= EXERCISE GOAL =
Every line between the one containing "PXL010 détail du" and the last line of the data, both included, is to be set down exactly, and pictures are to be omitted.

= PROVIDED DATA =

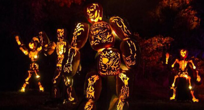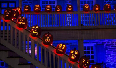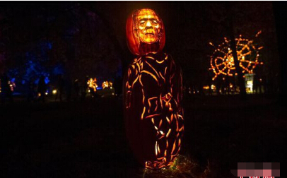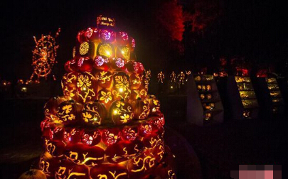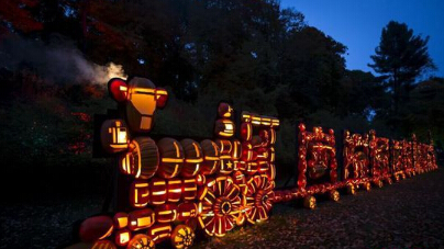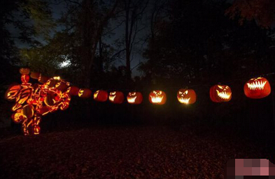 當?shù)貢r間10月27日,美國紐約,范科特蘭特大宅博物館展出各式各樣的手工雕刻南瓜燈。超過7000個手雕南瓜燈點亮,其中除了骷髏等經(jīng)典萬圣節(jié)造型,還有火車之類的新奇角色出鏡。
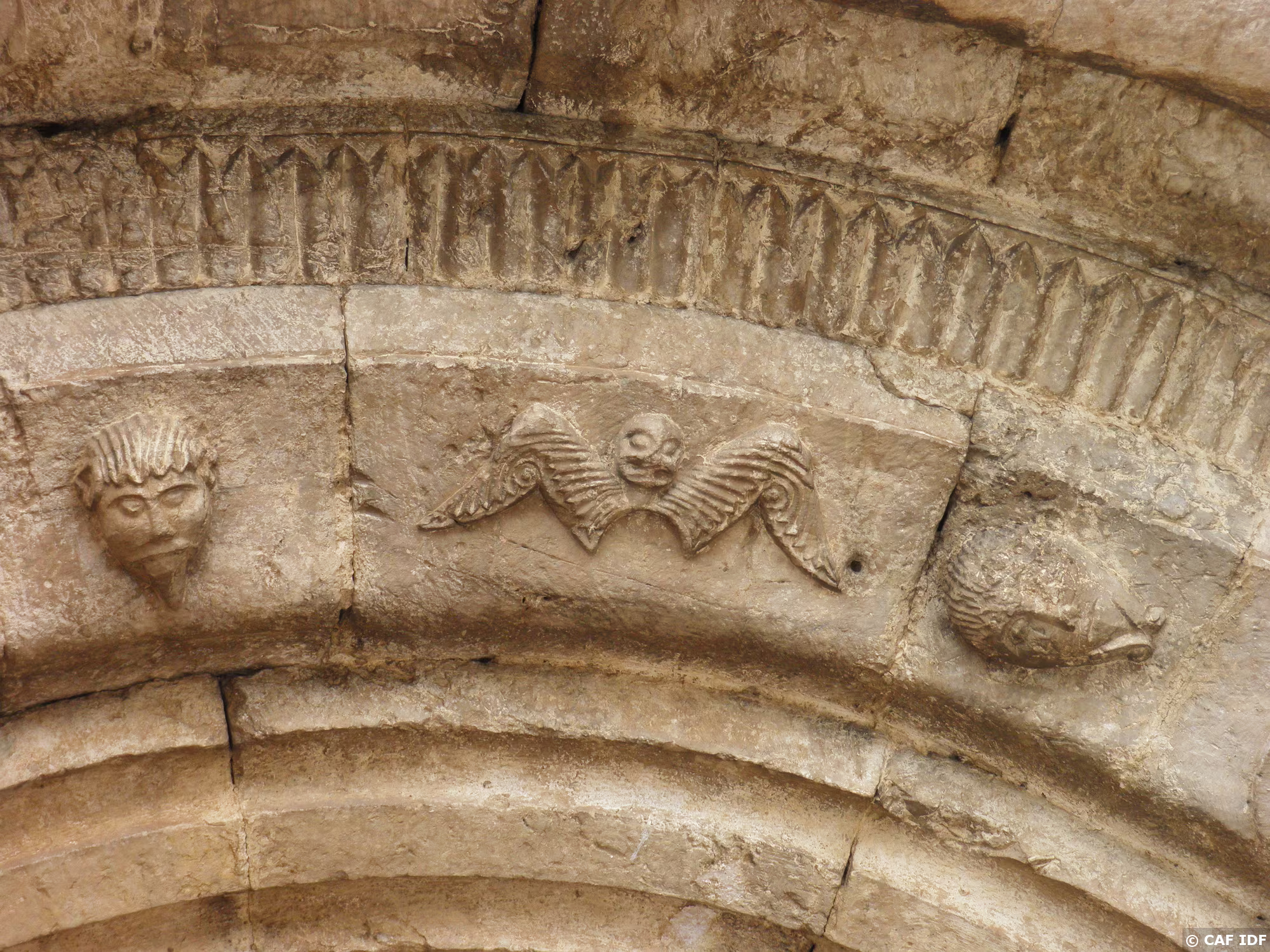 PXL010 détail du porche de l'église de Nahuja, sur un des chemins de Saint Jacques.
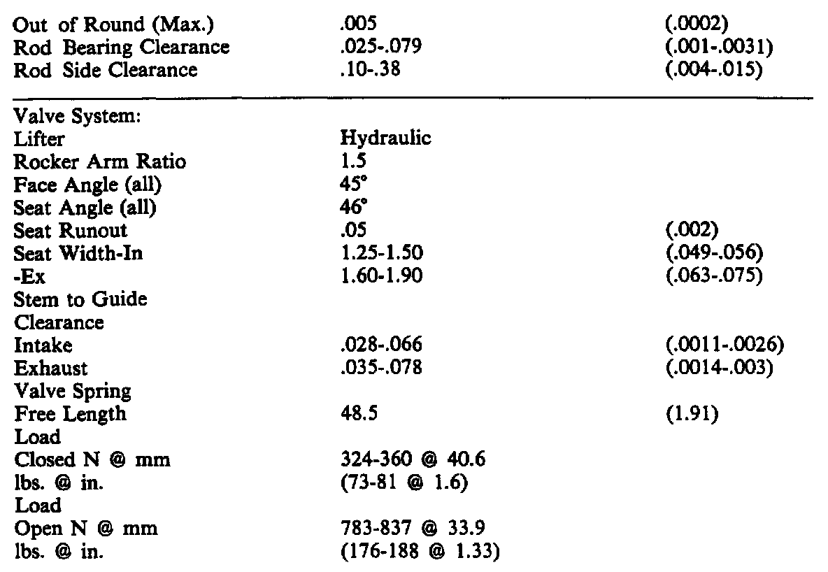 Continued Engine Specifications:

= YOUR RESPONSE =
 PXL010 détail du porche de l'église de Nahuja, sur un des chemins de Saint Jacques.
 Continued Engine Specifications:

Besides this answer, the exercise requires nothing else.